6. Wie kann ich Einschlafstillen reduzieren und stimmt es, dass Kinder aufgrunddessen am Durchschlafen gehindert  werden?

Spannende und abenteuerliche These! Auch das ist wieder einmal altersabhängig, aber auch sehr individuell. Wenn es der Mutter zu viel wird, sollte das Kind bitte bitte weitaus über ein Jahr sein. Vorher ist die Kompetenz der Selbstregulierung eher selten gegeben. Die Kinder brauchen diese Nähe, vor allem nachts. Kinder, die vor dem 3. Lebensjahr durchschlafen, sind eher eine Besonderheit. Bis zum Ende des dritten Lebensjahres weisen sie eine Hirnstruktur auf, die dafür sorgt, dass sie nachts aufwachen. Das hat auch mit dem Überleben zu tun und ist ganz einfach evolutionsbedingt. 

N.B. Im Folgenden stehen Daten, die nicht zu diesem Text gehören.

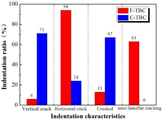 A bond coat with a roughness approximately in the range of Ra 5–10 μm provides good adhesion for the ceramic coating [17]. The roughness value Ra of C-TBC is about 3 μm, with a maximum amplitude of the surface profile of up to 8 μm. Therefore, such a rough interface facilitates the adhesion of the subsequent droplets with the previously formed coating surface during the plasma spraying process. Due to the good adhesion of the lamellar interface, it is difficult for the cracks to expand along the lamellar interface in C-TBC. In addition, the rough interface makes the crack propagation path twist and turn, which also increases the difficulty of crack expansion. As a result, intra-splat cracks perpendicular to the substrate (vertical cracks) are formed in C-TBC instead of cracking along the lamellar interface (horizontal cracks). From the statistics of the indentation characteristics in Figure 7, it can be seen that more than 70% of the indentations in C-TBC are accompanied by vertical cracks, and indentations accompanied by horizontal cracks are fewer than 25% with no inter-lamellar cracking. In contrast, the smooth lamellar interface in F-TBC could only provide limited mechanical bonding to accommodate splats. Thus, the cracking resistance of F-TBC is poor due to its susceptibility to cracking along the lamellar interface.

Wenn man dennoch das Einschlafstillen reduzieren möchte, macht es Sinn, den Partner mit einzubeziehen und zu besprechen, welche Möglichkeiten er sieht. Ich hatte Fälle, da hat der Papa mit dem Kind das Einschlafritual neu erfunden. Die Mutter war in der Zeit die ersten Male nicht anwesend. Steht quasi nicht zur Verfügung. Kinder merken so etwas nämlich deutlich und verstehen nicht, wieso sie nicht wie sonst die Brust bekommen, wenn Mama doch verfügbar ist. Das sorgt für Unsicherheit und Verwirrung.  Wenn dann Vater und Kind eine geeignete Variante durch Tragen, Schunkeln oder ähnliches gefunden haben, kann die Mutter im Nebenraum sein. Es kann durchaus passieren, dass dies nicht ohne Tränen verläuft, denn das Kind ist traurig. Es ist immer auch ein Abschied von etwas Vertrautem. Deswegen rate ich stets dazu, sich lange Gedanken zu machen, sich mit dem Partner oder Müttern in ähnlichen Situationen auszutauschen. Man muss dahinter stehen und keine Unsicherheit ausstrahlen, denn die überträgt sich auf das Kind. 

Zum Thema Durchschlafen: 

Gibt es einen Wettbewerb rund um das Durchschlafen? Ich weiß nicht, warum das in den Köpfen noch drin steckt, dass es etwas Besonderes ist, wenn das Kind durchschläft. Ja, geradezu als ob man dafür einen Preis bekäme und ein besonderes Ziel erreichen muss. Wir Mütter haben auch einen sogenannten Ammenschlaf, der hormonell vorprogrammiert ist und wachen demnach automatisch häufiger auf. Nicht stillende Mütter haben diesen nicht. Diese sind erschöpft, wenn sie nachts aufwachen. Stillende Mütter, vor allem im Familienbett, merken hingegen die nächtlichen Unterbrechungen kaum, weil sie meist im Liegen stillen, das Kind gar nicht richtig wach wird oder gar schreit und somit alle Beteiligten nach kurzer Zeit ruhig weiterschlafen, bevor sie richtig wach werden konnten. 
Viele Mütter berichten, dass die Kinder plötzlich ab einem halben Jahr wieder häufiger wach werden, teilweise dauerstillen. Auch das ist normal und entwicklungsbedingt, was natürlich müde macht. Diese Phasen der Entwicklungsschübe gehen vorbei und hat mit dem Erlernen der Motorik und Sprache, aber auch dem Zahnen zu tun.
Mütter, deren Kinder einfach so einschlafen und durchschlafen schon von klein auf gibt es natürlich, aber sie sind nicht die Mehrheit und auch sie werden Phasen erleben, wo es nicht so einfach klappt und mehr Beruhigung nötig ist. Das hängt ganz einfach mit der Entwicklung zusammen. Dann spielt natürlich auch das Temperament eine Rolle. Du sagtest, dass dein Energiebündel eben die Brust braucht, um runterzufahren.  Es braucht in dem Fall die Unterstützung von außen, um Eindrücke zu verarbeiten und sich zu regulieren. Da gibt es doch eigentlich nichts Besseres als Mama und Brust.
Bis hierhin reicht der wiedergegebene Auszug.